Bosworth Hayden B, Bartash Rachel M, Olsen Maren K, Steffens David C
Center for Health Services Research in Primary Care, Durham VAMC, NC 27707, USA.
Int J Geriatr Psychiatry. 2003 Dec;18(12):1142-8. doi: 10.1002/gps.1026.
To examine the relationship between depression and hypertension in an elderly population and how psychosocial variables influence this relationship.
The study included 293 subjects, who met DSM-IV criteria for unipolar depression, and 151 subjects with no psychiatric disorder. All subjects were over the age of 58. Participants were administered the Duke Depression Evaluation Schedule at baseline and at yearly intervals for 3 years.
Cross-sectional analyses of baseline data showed that hypertensive patients were more likely to be depressed and of non-white race. Bivariate analyses provided evidence that hypertension was associated with higher amounts of total stressors and lower social support. No differences in the prevalence of hypertension were found between men and women. In addition, there was no evidence of change in hypertension status over time.

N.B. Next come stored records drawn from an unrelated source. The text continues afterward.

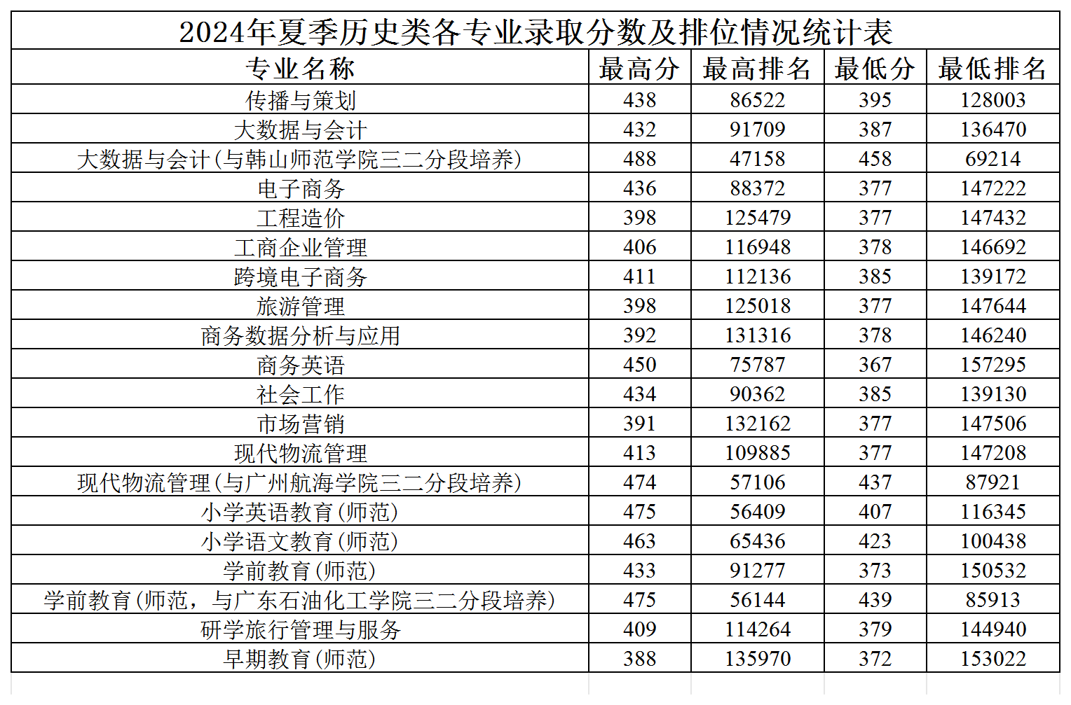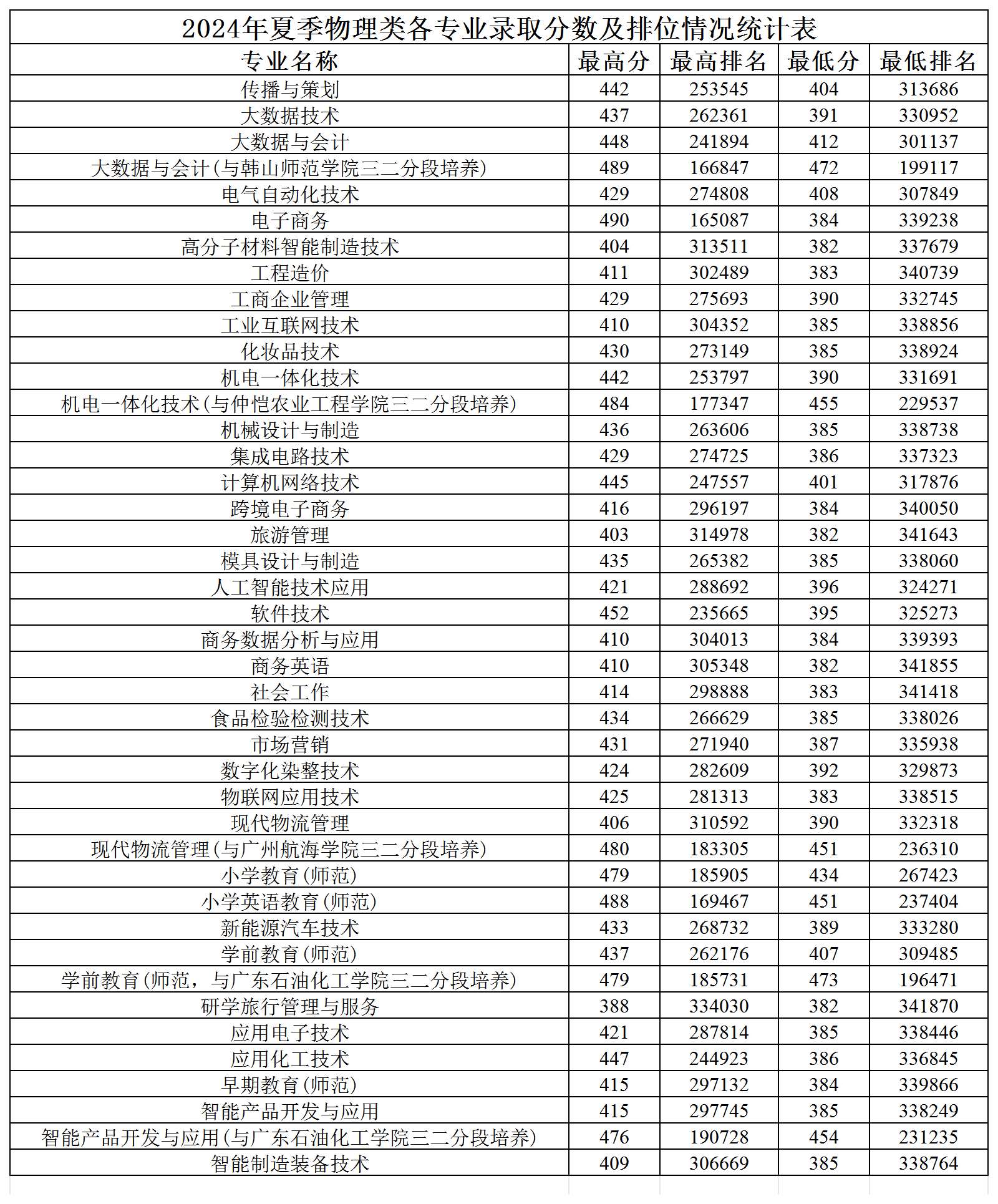 江门职业技术学院2024年省内夏季高考各专业录取分数及排位情况
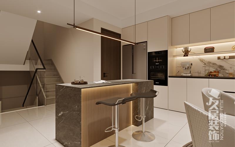 餐厅里,开放式厨房与吧台相连,烹饪于此成为艺术,烟火间满是生活的精致。餐桌与艺术陈设相映成趣,彰显不凡品味。
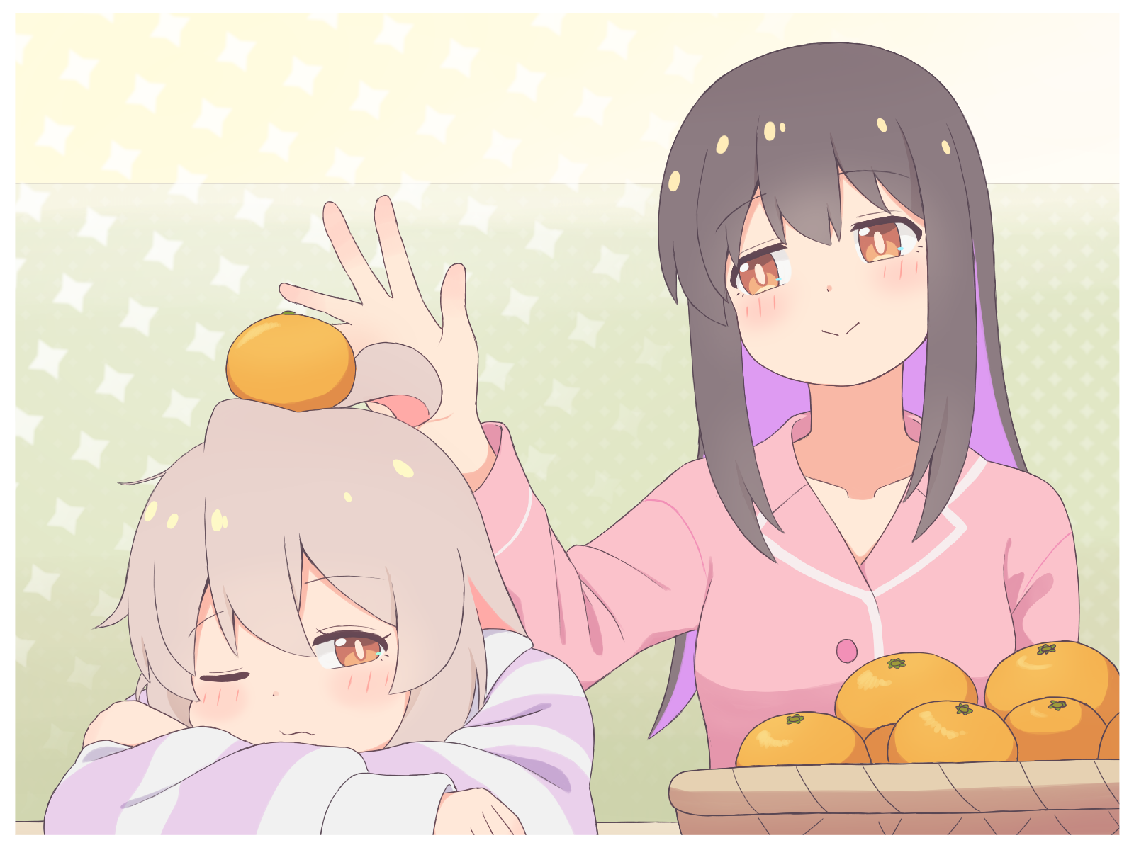2girls :> ahoge basket black_hair brown_eyes commentary food food_on_head fruit fruit_on_head genderswap genderswap_(mtf) hair_down head_rest highres k-d light_blush long_hair long_sleeves looking_at_another multicolored_hair multiple_girls object_on_head one_eye_closed onii-chan_wa_oshimai! orange_(fruit) oyama_mahiro oyama_mihari pink_hair purple_hair siblings sisters smile two-tone_hair
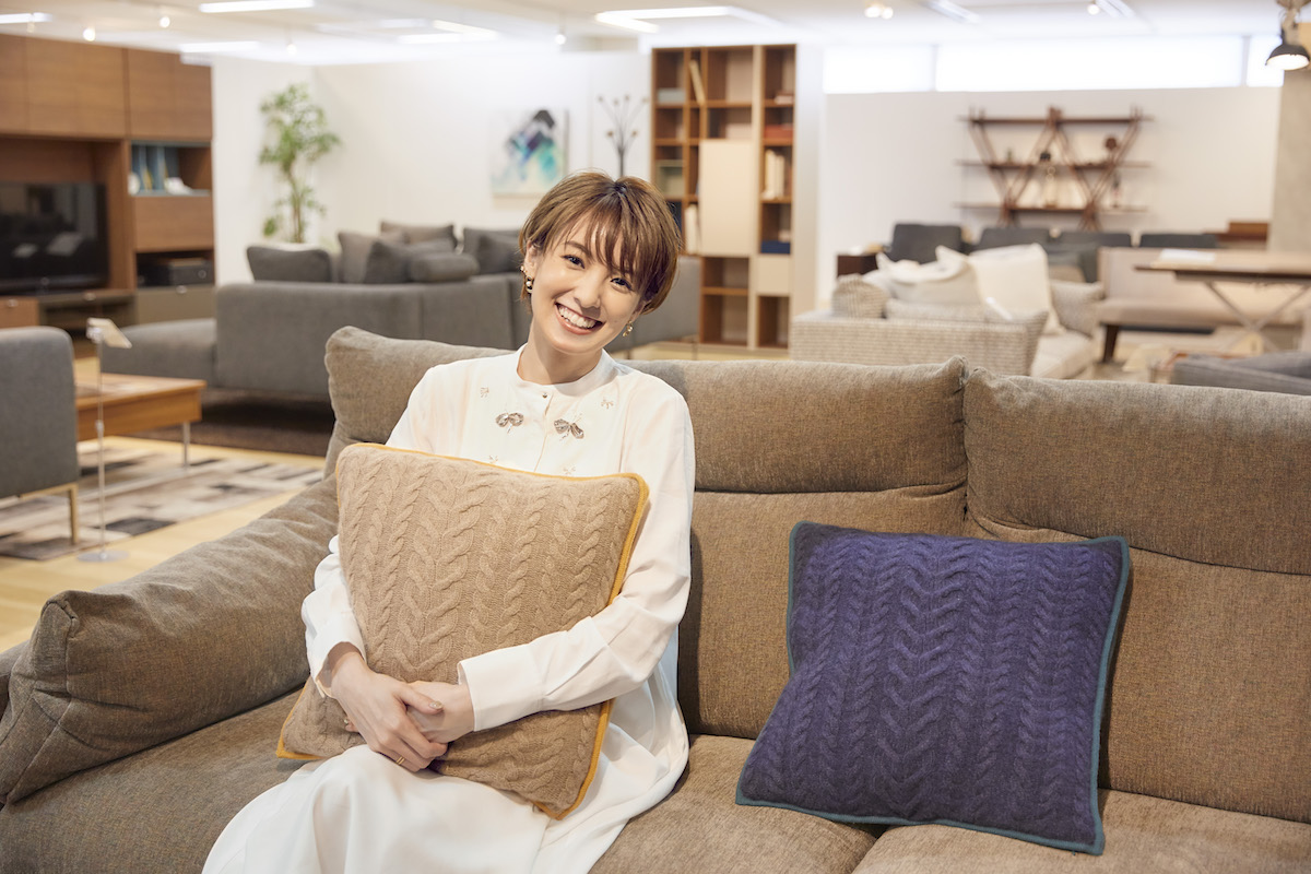 私は、おうちの中を”くつろげるかどうか”をとても重視しています。なので、安心感があるインテリアを選んでいきたいんです。同じものを長く使っていきたいけれど、小物を変えることで衣替えをしていくのも楽しそう。インテリアも季節に合わせてファブリックを変えると温かさが出て、同じ部屋でも全然印象が違いますよね? リビングのソファは、落ち着いたネイビーのものを使っているので、それに合わせてクッションやブランケットを冬物で合わせたいな。
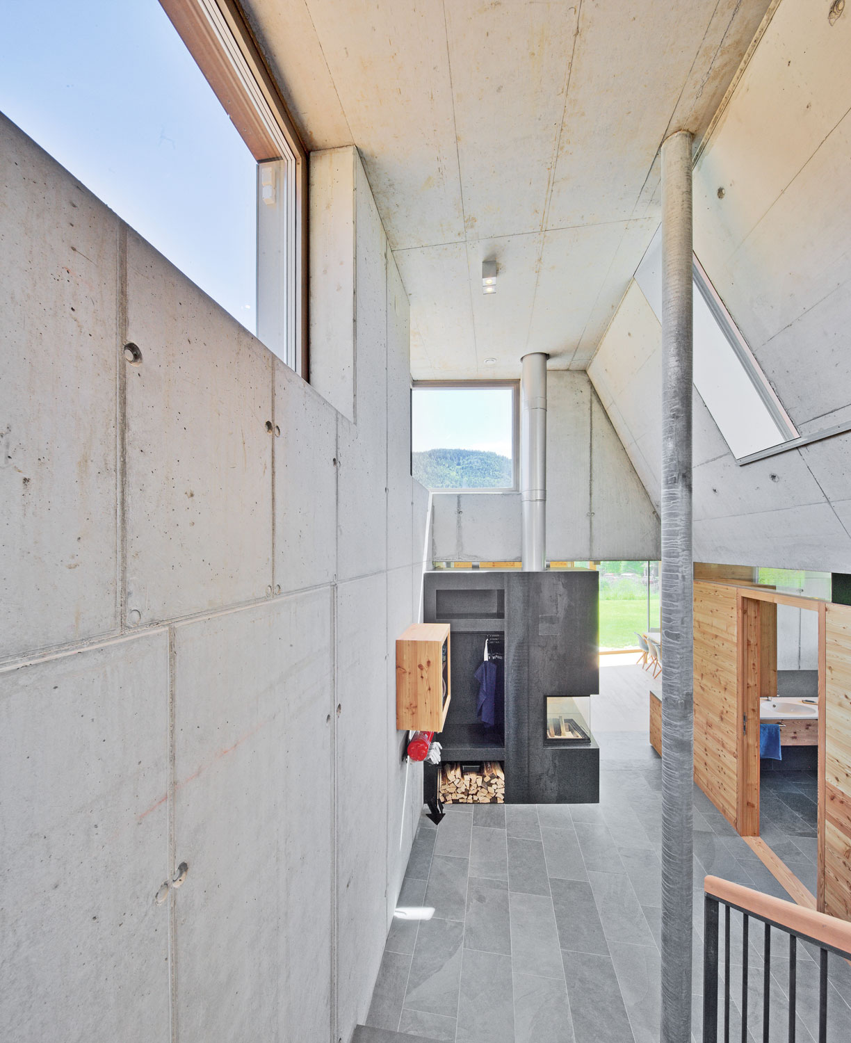 Etwas übersteigerte Raumerlebnisse im Inneren der beiden Häuser, als auch die Überleitung von Eingangszone zum Wohnbereich durch einen Kaminblock, zeigen eine Gratwanderung zur „Erlebnisarchitektur“, die mit hoher Ausführungsqualität einem Tourismusprojekt entspricht.
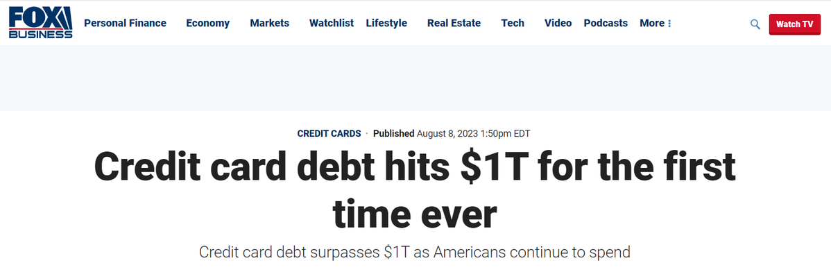纽约联储周二报告称,进入夏季,美国人越来越多地转向使用信用卡来维持生计,总余额首次超过 1 万亿美元。这是自 2003 年以来美联储数据有记录以来的最高水平。
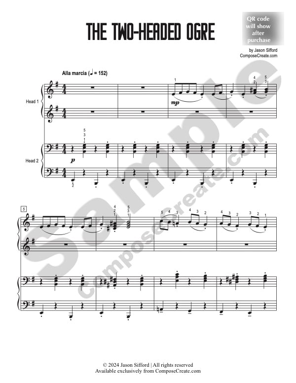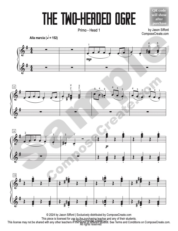 With your purchase of the Two-Headed Ogre studio license, you will receive a bonus mp3 recording of the piece performed by Jason Sifford and his duet partner. You are permitted to send this example performance track to your students to help them learn the piece.
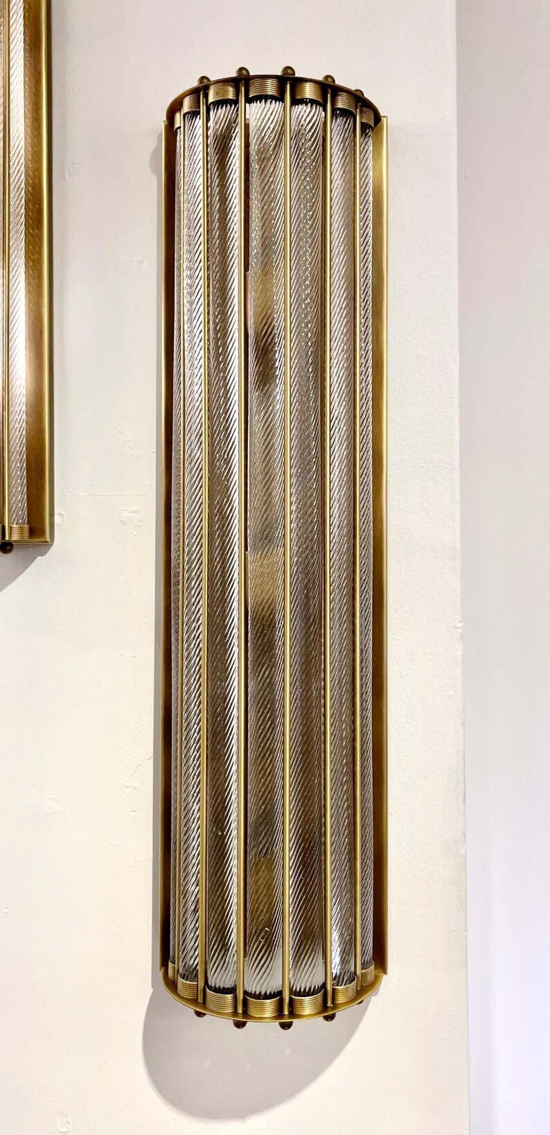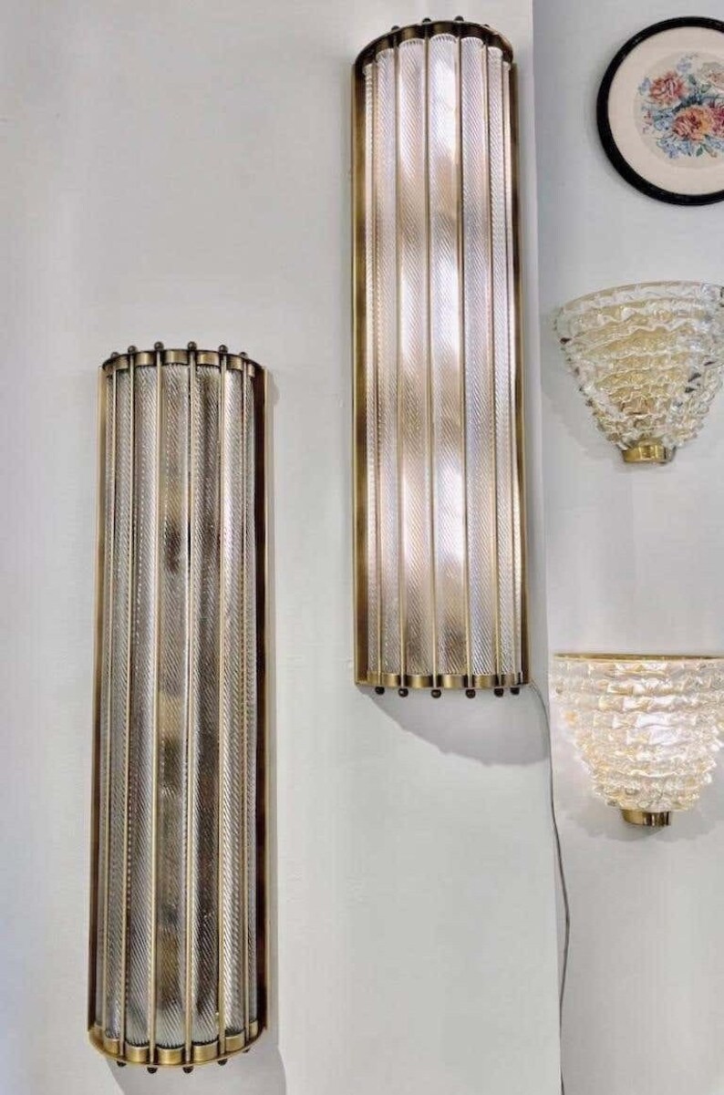Standing an impressive 28 inches in length, each sconce becomes a bold statement piece—ideal for hallways, living rooms, staircases, hotels, restaurants, galleries, and luxury interiors. The ribbed glass rods produce beautifully diffused light, capturing the iconic Art Deco aesthetic with a maritime twist.
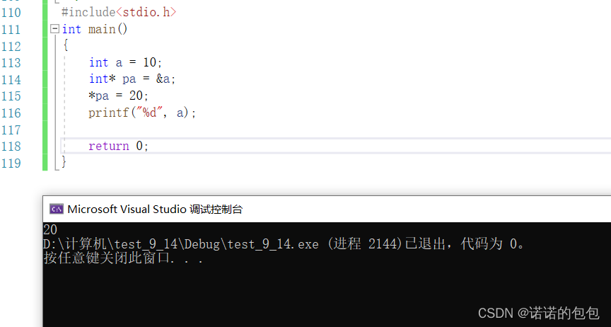 这里的*pa=20;就是解引用操作。 指针变量的大小 指针变量的大小取决于地址的大小,也就是说,地址存储多大空间,指针变量就多大。 在32位机器中,1个地址是32的二进制位,存储需要32个比特位空间,也就是4个字节, 同样,在64为机器中,存储需要8个字节。
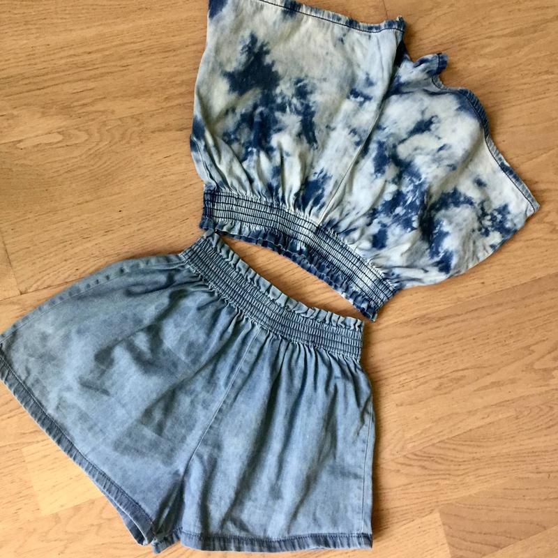 Джинсовая юбка-шорты Next Практичное комфортное сочетание юбки и шорт. На широкой эластичной резинке. 100% хлопок, джинс средней плотности: - одни из классического джинса - друзья с принтом тай-дай Размер указан 10 лет/140 см Замеры: (разом с резинкой) пояс 29,5 см, тянется до 37 см/ посадка спереди 31,5 см, сзади 35см /длина по боковому шву 32 см. Голубые: пояс 28,5 см, тянется до 37см/ посадка спереди 33 см, сзади 36 см /длина по боковому шву 32 см. Без особых нюансов, у голубых есть пара некритических маленьких зацепок. Цена за единицу. Продаю много различной одежды и обуви Next до 10 лет после ночек-близят, смотрите Мои объявления или запросите, буду предлагать.
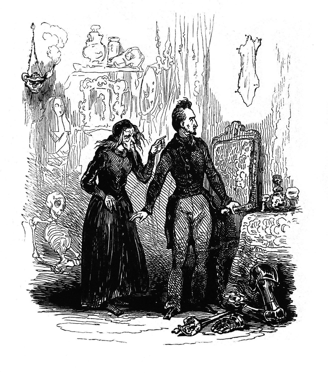 皇帝雕像被一只水龙戳瞎了眼睛。几幅大革命前的法国市政长官和荷兰市长的肖像画就挂在这堆乱七八糟的古玩之上。画中的人神情冷漠,想必在世时也是如此,他们以冷淡无情的目光投向周围。全世界的国家似乎都把他们做实验剩下的残渣和艺术样品送到这里来了。这里就像是哲学的堆肥,里面什么都有,有印第安野蛮人的烟斗,有奥斯曼帝国宫廷中穿的绿色和金色的软鞋,有摩尔人的弯刀,还有鞑靼人崇拜的偶像,甚至还有士兵的烟袋、教士的圣体盒以及王座上的羽毛。变幻莫测的光线,尖锐的明暗对比,和不拘一格混合出的种种色调,使得这光怪陆离的画面更加古怪。这感觉就像是,耳边响起了断续的叫喊,脑中浮现了未完的剧目,眼中见到了无法掩盖的火光。最后,一层难以清扫的薄灰像纱一般覆盖了所有物件,凸显出它们那众多的棱角和复杂的线条,使画面更加奇特。商店有三个厅,堆满了凝结着文明、宗教、神权、艺术、皇权、人欲的物品,或是闪耀理性,或是表现疯狂。青年人先是觉得这三个厅就像个多面镜,每张镜面都映射出不同的世界。有了大致的印象后,他准备挑选自己喜欢的好好看看。然而就在他不断观察、思考和畅想时,他竟然因无力发起了烧,或许是因为太饿了,他的肚子已经咕咕作响。

Patients, especially minorities, who experience depression, stress, or a lack of social support, are at an increased likelihood of having hypertension and clinicians should consider this risk when treating this population.
研究老年人群中抑郁症与高血压之间的关系,以及社会心理变量如何影响这种关系。
该研究纳入了293名符合DSM-IV单相抑郁症标准的受试者,以及151名无精神障碍的受试者。所有受试者年龄均超过58岁。参与者在基线时以及之后3年每年接受杜克抑郁评估量表测试。
对基线数据的横断面分析表明,高血压患者更易患抑郁症且多为非白人种族。双变量分析表明,高血压与更多的总压力源和更低的社会支持相关。男性和女性在高血压患病率上没有差异。此外,没有证据表明高血压状态随时间变化。
经历抑郁症、压力或缺乏社会支持的患者,尤其是少数族裔,患高血压的可能性增加,临床医生在治疗这类人群时应考虑到这种风险。